**Task requirements**
Take the entries below and reproduce exactly the portion that begins at the line containing "- Distressed Leather" and ends at the line containing "仮メンタリストえる:そうです", keeping both ends, dropping pictures, and adding nothing else.

**Data listing**
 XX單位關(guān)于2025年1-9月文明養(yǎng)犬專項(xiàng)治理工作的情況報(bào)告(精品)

* * *

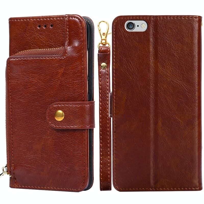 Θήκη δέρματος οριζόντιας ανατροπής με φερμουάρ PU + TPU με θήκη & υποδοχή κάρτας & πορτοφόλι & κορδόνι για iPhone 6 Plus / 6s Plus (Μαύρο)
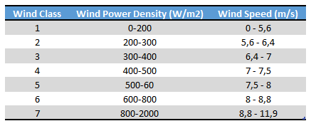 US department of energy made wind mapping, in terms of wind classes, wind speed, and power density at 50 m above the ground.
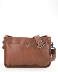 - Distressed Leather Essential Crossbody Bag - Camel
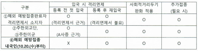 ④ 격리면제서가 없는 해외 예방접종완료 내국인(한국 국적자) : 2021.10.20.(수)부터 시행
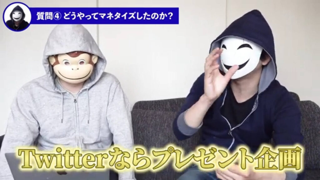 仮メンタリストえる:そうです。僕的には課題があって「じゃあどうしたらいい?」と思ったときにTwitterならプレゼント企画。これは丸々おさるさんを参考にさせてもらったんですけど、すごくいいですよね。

* * *

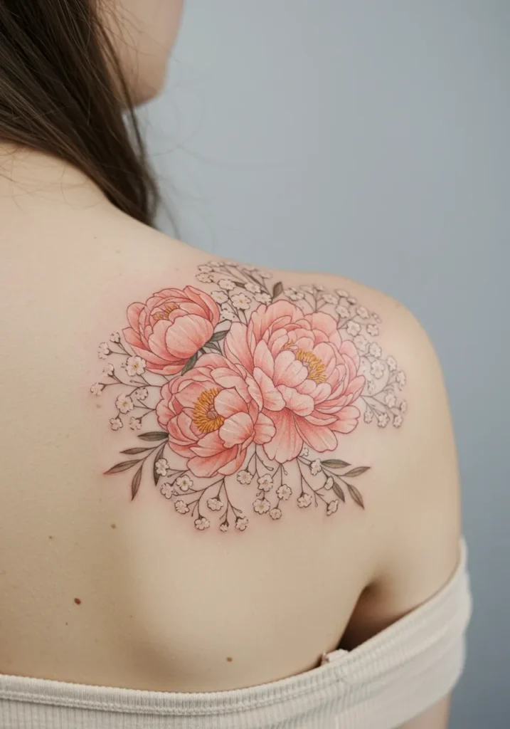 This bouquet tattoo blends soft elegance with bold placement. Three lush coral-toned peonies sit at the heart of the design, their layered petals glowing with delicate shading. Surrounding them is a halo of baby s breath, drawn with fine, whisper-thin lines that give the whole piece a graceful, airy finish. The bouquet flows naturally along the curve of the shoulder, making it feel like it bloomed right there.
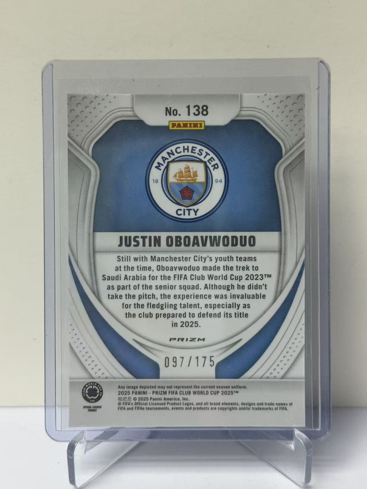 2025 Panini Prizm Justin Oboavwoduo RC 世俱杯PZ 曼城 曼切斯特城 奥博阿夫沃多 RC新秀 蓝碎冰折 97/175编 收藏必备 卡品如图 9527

**Solution for this problem**
 - Distressed Leather Essential Crossbody Bag - Camel
 ④ 격리면제서가 없는 해외 예방접종완료 내국인(한국 국적자) : 2021.10.20.(수)부터 시행
 仮メンタリストえる:そうです。僕的には課題があって「じゃあどうしたらいい?」と思ったときにTwitterならプレゼント企画。これは丸々おさるさんを参考にさせてもらったんですけど、すごくいいですよね。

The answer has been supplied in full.